Apricot-Hazelnut Crisps
Apricot-Hazelnut Crisps are thin, crispy crackers made by baking a seeded, whole-wheat and all-purpose flour batter studded with dried fruit and nuts. Chopped apricots, figs, hazelnuts, and rosemary infuse these crisps with a nutty, sweet, and herbal flavor. After baking in loaf pans, the cooled bread is sliced thin and baked again to achieve a crunchy texture suitable for snacking or serving with cheese.
Ingredients
Crisps Base Recipe
- 1 cup whole-wheat flour organic
- 1 cup all-purpose flour organic
- 2 teaspoons baking soda
- 1/2 teaspoon salt
- 2 cups buttermilk
- 1/4 cup raw cane sugar
- 1/4 cup honey liquid
Seeds:
- 1/2 cup roasted pumpkin seeds
- 1/4 cup sesame seeds
- 1/4 cup Flax Seed ground
Suggested Add-ins:
- 1/2 cup apricots
- 1/2 cup figs chopped, dried
- 1/2 cup hazelnuts chopped
- 1 Tablespoon rosemary chopped, fresh
- OR
- 1/2 cup raisins or dried cranberries
- 1/2 cup figs
- 1/2 cup pecans chopped
- orange zest
Instructions
- Preheat oven to 350°F.
Bake the Loaves
- In a large bowl, stir together the flours, baking soda and salt. Add the buttermilk, cane sugar and honey and stir a few strokes.
- Add the seeds, (pumpkin, sesame, and flax) apricots, dried figs, hazelnuts, and rosemary and stir just until blended.
- Pour the batter into 1 8”x4” loaf pan and 2 mini-loaf pans that have been sprayed with nonstick spray.
- Bake for about 22 minutes, until golden and springy to the touch. Remove from the pans and cool on a wire rack.
- Wrap tightly and freeze slightly before slicing. OR freeze for up to two months, then partially thaw, slice and bake for fresh crackers.
Slice & Bake the Crisps
- The cooler the bread, the easier it is to slice really thin. I start with my loaves partially frozen.
- Slice the loaves as thinly as you can and place the slices in a single layer on an ungreased cookie sheet. (Julie likes to slice and bake one loaf and pop the other in the freezer for another day.)
- Preheat the oven to 300°F and bake them for about 15 minutes, then flip them over and bake for another 10 minutes, until crisp and deep golden.

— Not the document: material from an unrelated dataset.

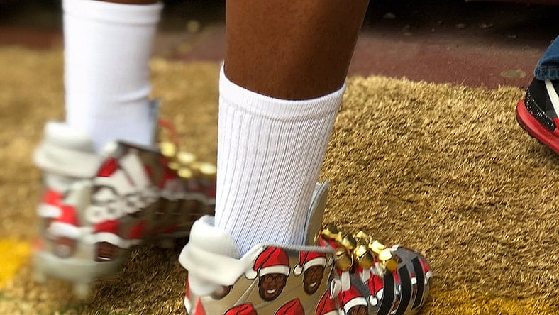 Von as Santa. Bow on top. Just tremendous. Really, they don’t even look like cleats. That’s a job well done by Miller.

- Cool and store in an airtight container.
Notes
- The whole-wheat flour provides a denser texture; substitute with all-purpose flour for a lighter result.
- Bake the loaves until they are golden and springy before cooling for easier slicing.
- Partially freeze the loaves before slicing thinly to achieve crispness when baked as crackers.
- These crisps can be frozen for up to two months before slicing and baking fresh.
Nutrition Information
Nutrition Facts
Serving: 96 crackers (about 8 dozen)
Amount Per Serving
Calories 37
% Daily Value*
| Calories | 37kcal | 2% |
| Carbohydrates | 5g | 2% |
| Protein | 1g | 2% |
| Fat | 2g | 3% |
| Saturated Fat | 1g | 5% |
| Cholesterol | 1mg | 0% |
| Sodium | 42mg | 2% |
| Potassium | 44mg | 1% |
| Fiber | 1g | 4% |
| Sugar | 2g | 4% |
| Vitamin A | 25IU | 1% |
| Vitamin C | 1mg | 1% |
| Calcium | 15mg | 2% |
| Iron | 1mg | 6% |
* Percent Daily Values are based on a 2,000 calorie diet.